The given problem states that a and b are two unit vectors, and we need to determine the angle between them when √3a - b is also a unit vector. Let's break down the problem step by step:

1. Understanding Unit Vectors:
- A unit vector is a vector with a magnitude of 1. It represents the direction of a vector without considering its length.
- In other words, a unit vector is a vector divided by its magnitude.

2. Analyzing √3a - b:
- We are given that √3a - b is a unit vector.

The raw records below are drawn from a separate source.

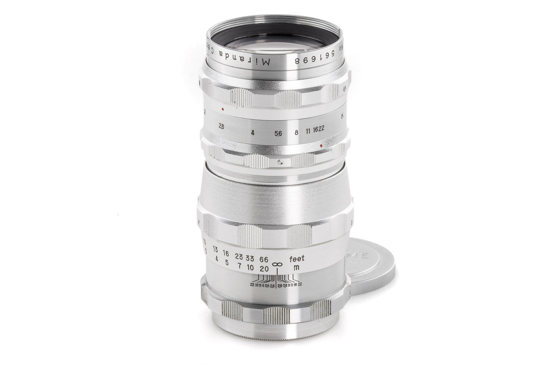 rare short telephoto lens with Miranda M44 mount, in beautiful, near-mint condition with very good optics, original caps
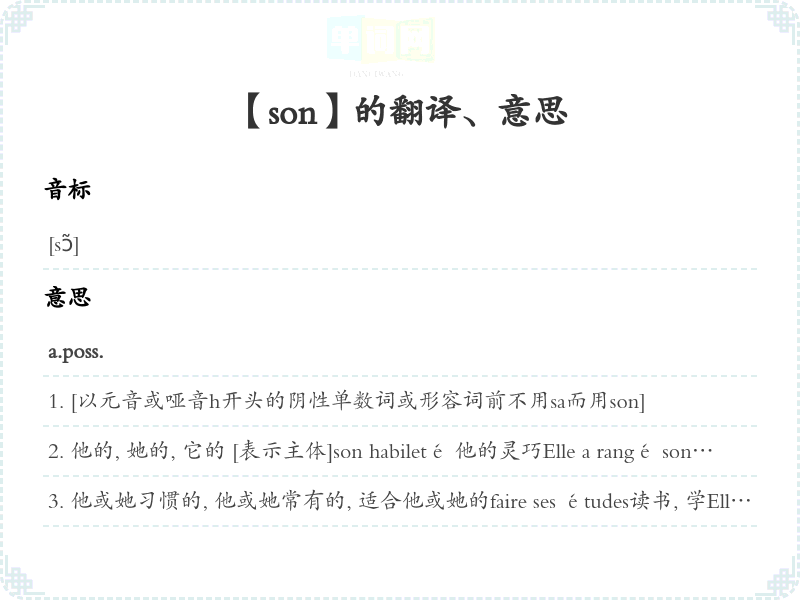 他的, 她的, 它的 [表示主体]son habileté 他的灵巧Elle a rangé son armoire. 她整理了她的衣橱。Il a ses lunettes sur son nez. 他鼻子架着。la machine et son rendement 器及其效率
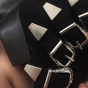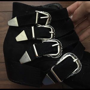 Pre-loved black booties with four buckles. Heel a bit scruffed and metal. Could be visible in the pictures. Still in good condition.
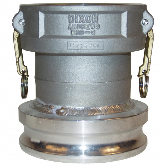 Dixon, 5060-DA-AL, Cam and Groove Reducing Coupler x Adapter (Type DA) Applications Designed for use with liquids Specifications Produced to interchange with all product produced to Commercial Item Description A-A-59326D Construction Buna-N gasket Produced as a welded fabrication How it works To make a connection, simply slide the adapter into the coupler and with normal hand pressure, press the cam levers down. Uncoupling is as quick and simple as coupling. Just lift the cam arms and remove the adapter. Note In reducing couplings, the coupler is the first size in the part number. Safety notes Under no circumstances should cam and groove couplings be used for compressed air or steam service! Pressure rating recommendations are based on the use of mating Dixon fittings at ambient temperature 70 degree F with a standard seal installed.
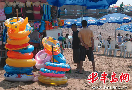 “有些浴场的小商贩出售的游泳圈竟然是劣质货或是三无产品。”今天上午,市民曹女士向记者反映了此类问题。
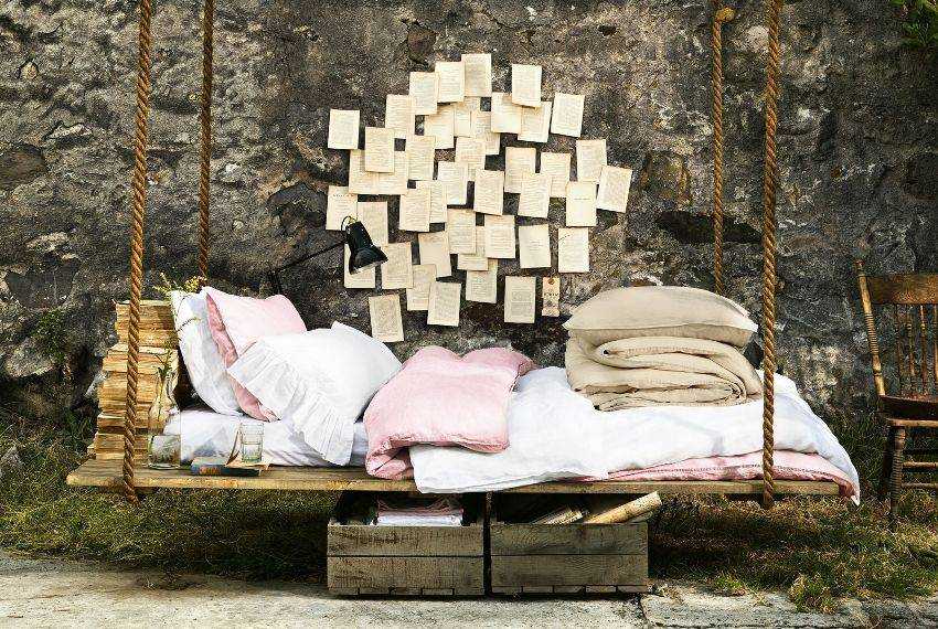 Качелька-лежанка для отдыха и развлечений ребенка, сделана из деревянного поддона
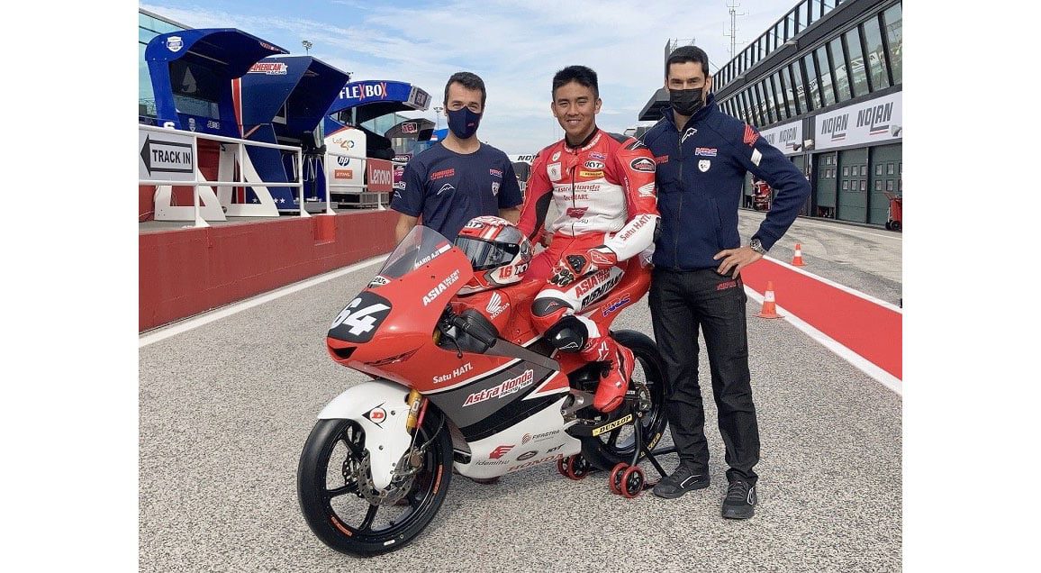 JAKARTA, METRO–Menjelang Grand Prix Moto3 di Misano World Circuit Marco Simoncelli, Italia, Astra Honda Racing Team (AHRT) mengajak masyarakat terus memperkuat dukungan pada Mario Suryo Aji yang akan balapan bersama Honda Team Asia. Mendapatkan kesempatan dua kali balap sebagai wildcard.

Let's denote it as c.
- So, c = √3a - b.

3. Finding the Magnitude of c:
- The magnitude of a vector is the length or size of the vector.
- Since c is a unit vector, its magnitude is 1.
- Therefore, |c| = 1.

4. Expanding c:
- Using the distributive property, we can expand c as follows:
c = √3a - b
c = √3a + (-1)b
c = √3a + (-1)b

5. Computing the Magnitude of c:
- To find the magnitude of c, we square each component, sum them, and take the square root.
- |c|^2 = (√3)^2|a|^2 + (-1)^2|b|^2 + 2(√3)(-1)|a||b|cosθ
|c|^2 = 3|a|^2 + |b|^2 - 2√3|a||b|cosθ

6. Substituting the Values:
- Since a and b are unit vectors, |a| = |b| = 1.
- |c|^2 = 3 + 1 - 2√3cosθ
- |c|^2 = 4 - 2√3cosθ

7. Simplifying |c|^2:
- As |c| = 1, we can write the equation as:
1 = 4 - 2√3cosθ
- Rearranging the terms, we have:
2√3cosθ = 3
cosθ = 3/(2√3)
cosθ = √3/2

8. Finding the Angle θ:
- From the equation cosθ = √3/2, we can determine the angle θ by taking the inverse cosine (arccos) of both sides.
- θ = arccos(√3/2)
- Using a calculator, we find θ ≈ 30°.

9. Final Answer:
- The angle between vectors a and b is approximately 30° when √3a - b is a unit vector.

By following the above steps, we have determined the angle between the two unit vectors a and b when the given condition is satisfied.